Figure 6 shows how much variance from the original dataset is retained as the number of remaining dimensions is reduced. To decide which number of remaining components to use in the machine learning pipeline, we used run-wise cross validation of the data at various values of principal components. Figure 5 shows the results of this using a linear discriminant analysis machine learning model. Ultimately the number of remaining components was chosen to be 800. These results are derived using subject 2’s Gel offline session, each other subject had an identical analysis done to determine the best PCA values for each subject. The Gel sessions had their best PCA values between 500-800 depending on the subject while the POLiTag sessions had their best values between 100-200 remaining features.

An experiment was tried where the number of components would be iteratively reduced, from more than 6000 to 4000, then from 4000 to 1500, and finally from 1500 to 800. This was ultimately fruitless as our results seemed to indicate that there was no benefit to this compared to reducing directly to the desired value. In fact there were instances where this proved less effective than reducing directly to the desired value.

III-B2 Power Spectral Density

Power spectral density (PSD) is the measure of signal’s power content versus frequency.
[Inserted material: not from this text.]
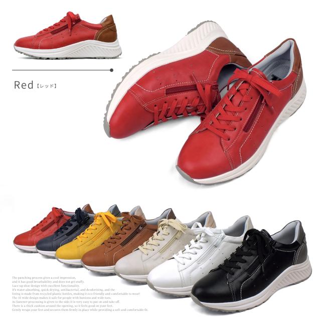 WILSON LEE SPORTS-ウィルソンリースポーツ-足にやさしく(SOFT&FIT)がコンセプト涼し気な印象のパンチング加工で通気性も良く蒸れにくい、機能性にも優れたレースアップスニーカー。吸水速乾&抗菌防臭効果があるペットボトルのリサイクル糸をライニングに使用したエコなのに快適な履き心地。3Eの幅広設計で外反母趾や幅広の方でも安心してお履き頂けます。サイドファスナー付きで脱ぎ履きも楽々。履き口周りには厚みのあるクッションが入っており、足あたりが良く足を優しく包み込み、しっかり固定しながらもソフトなな履き心地を実感できます。多彩なカラーバリエーションも魅力。
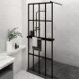 Walk-in Shower Wall with Shelf Black 80x195cm ESG Glass and Aluminium

We applied Welch’s method to estimate the the spectral density, reducing the dimensionality of each window down to 129. We investigated using PCA to further reduce the dimensionality of the PSD features, but the experiments indicated that there this provided little to no accuracy gain.

Both of these dimensionality reduction methods are contrasted in the following section about model selection to see which one provides the best performance.

III-C Model Selection

We experimented with a number of different machine learning models when trying to decide which one should be used in our final decoder. We tried a number of prepackaged linear models included in the sklearn package along with some attempts to get a convolutional neural network running. These sets of experiments are described below.
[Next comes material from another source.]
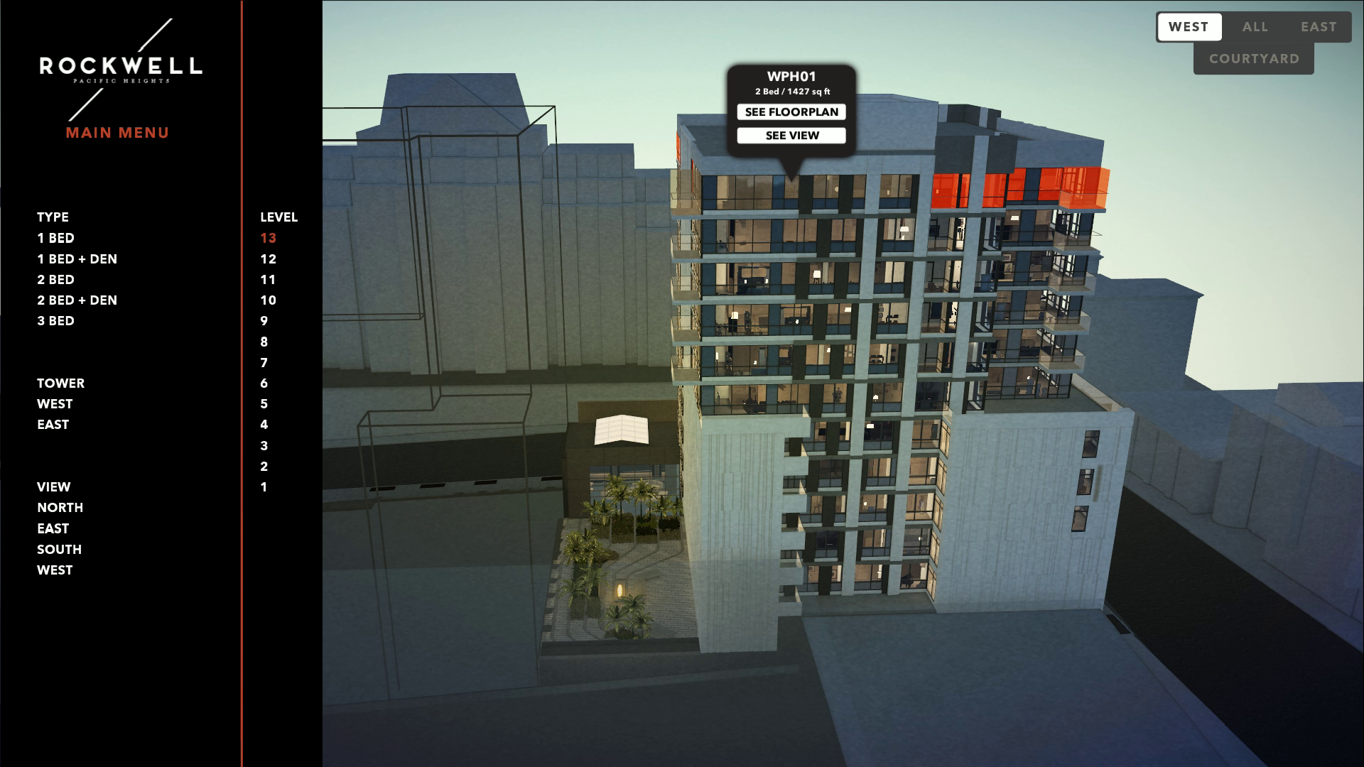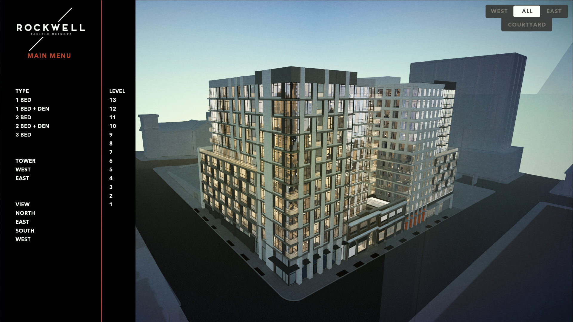 Rockwell is a real-time 3D interactive experience, featuring a virtual building model for unit and plan exploration.

III-C1 Convolutional Neural Network

The data had an original dimensionality of 512 samples x 13 channels. For the four models just described, this shape was flattened to a 1-D vector of size 6656. However, we wondered if by maintaining this original rectangular shape and using a convolutional neural network, we could get comparable or better accuracy to that of the linear models.

We tried different depth of layers for the network, starting with 3 layers. Finally, we created a network with 6 convolutional layers (each accompanied with batch normalization layers and relu activation layers). This network was trained on the data from the offline session that had a total of 3780 ’time windows’ and their corresponding predictions. The test set consisted of 1260 ’time windows’. A total of 40 epochs gave the following results as shown in Figure 7. As can be seen the results are not very different from random chance. A similar observation was made for networks of different depths as well.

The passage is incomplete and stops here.